By reducing resistance from laser-formed contacts, Natcore Technology Inc. says it has achieved an efficiency of 19.4% in its latest all-back-contact demonstration solar cell.
According to the company, the laser-formed base contact is critical in the Natcore Foil Cell. Higher resistance at this contact, as well as damage from the laser process, has been limiting the performance of the company’s demonstration cells. As a result, improving this contact has been a main focus of its research program, and Natcore says its scientists have just discovered a new laser-based contacting technique that overcomes these issues.
Despite only a few runs with this new structure, the device efficiency has already increased by nearly two absolute percent since June, when the company announced an efficiency of 17.5%. Last year, early proof-of-concept cells were delivering 4% efficiencies.

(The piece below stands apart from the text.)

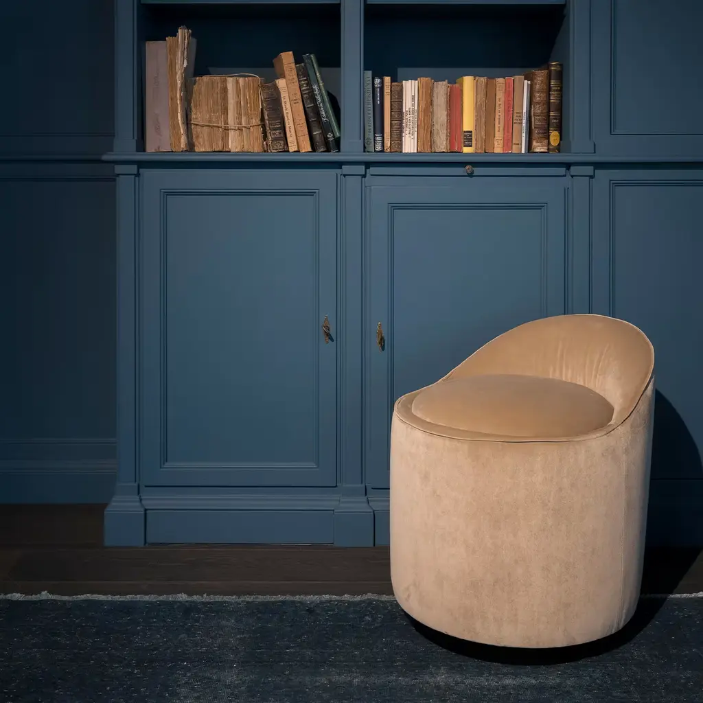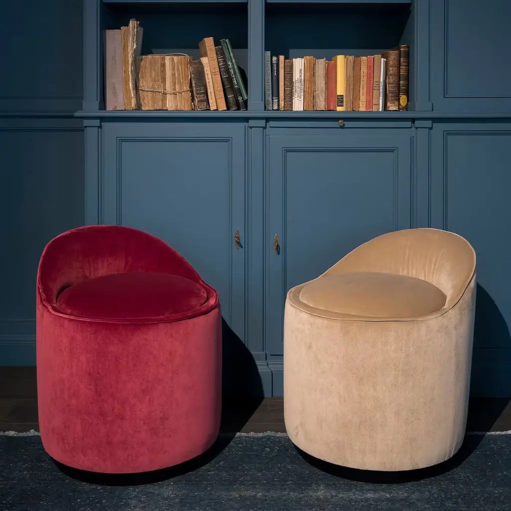 Brimming with classical elegance, this exquisite pouf will effortlessly blend in a wide variety of indoor contexts. The cylindrical silhouette in solid wood upholstered in beige-hued velvet (non-removable) is generously stuffed with polyurethane and lined with a protective fabric for impeccable comfort. The black-varnished wooden base and the demi-lune lower back support integrated into the seat seals the design. Contact the Concierge for customizations available.

At 17.5%, Natcore’s cells were roughly equivalent to typical commercial cells being sold today, according to the company.
Additionally, cells from the new approach have an open-circuit voltage of nearly 0.7V, pointing to the potential of significantly higher efficiencies.
“Considering the rapid achievement of these good results, prior even to serious optimization of this new approach, we expect to announce devices soon with efficiencies considerably over 20 percent,” says Dr. David Levy, Natcore’s director of research and technology. The work was accomplished in Natcore’s R&D Center in Rochester, N.Y.